• [Activity] Give back the full listing verbatim, apart from its images.

• [Stored data]
**********

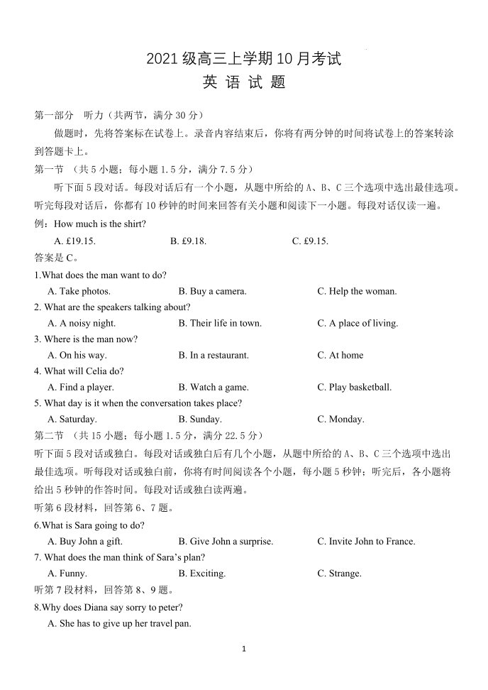 河北省保定市唐县第一中学2024届高三上学期10月月考 英语
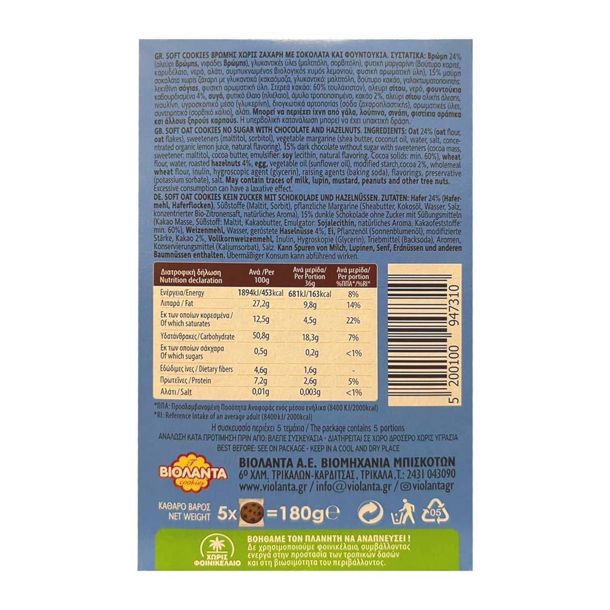 Βιολάντα Soft Cookies Μπισκότα Βρώμης Με Μαύρη Σοκολάτα & Φουντούκια Χωρίς Ζάχαρη 180 gr
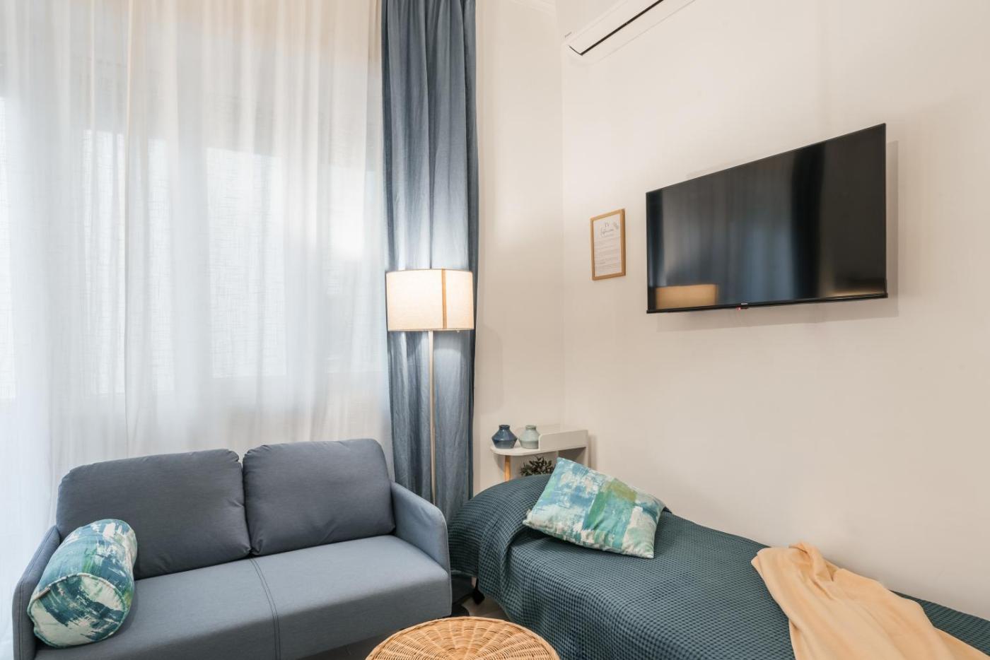 Appartamento con 1 Camera da Letto. Questo appartamento climatizzato con ingresso indipendente e cucina comprende 1 camera da letto e 1 bagno con doccia e bidet. La cucina è ben attrezzata con utensili, piano cottura, frigorifero e forno. L’unità abitativa è dotata di terrazza con vista sul cortile interno, lavatrice e TV a schermo piatto con canali satellitari. L’alloggio presenta 2 letti.

**********

• [Expected output]
 河北省保定市唐县第一中学2024届高三上学期10月月考 英语
 Βιολάντα Soft Cookies Μπισκότα Βρώμης Με Μαύρη Σοκολάτα & Φουντούκια Χωρίς Ζάχαρη 180 gr
 Appartamento con 1 Camera da Letto. Questo appartamento climatizzato con ingresso indipendente e cucina comprende 1 camera da letto e 1 bagno con doccia e bidet. La cucina è ben attrezzata con utensili, piano cottura, frigorifero e forno. L’unità abitativa è dotata di terrazza con vista sul cortile interno, lavatrice e TV a schermo piatto con canali satellitari. L’alloggio presenta 2 letti.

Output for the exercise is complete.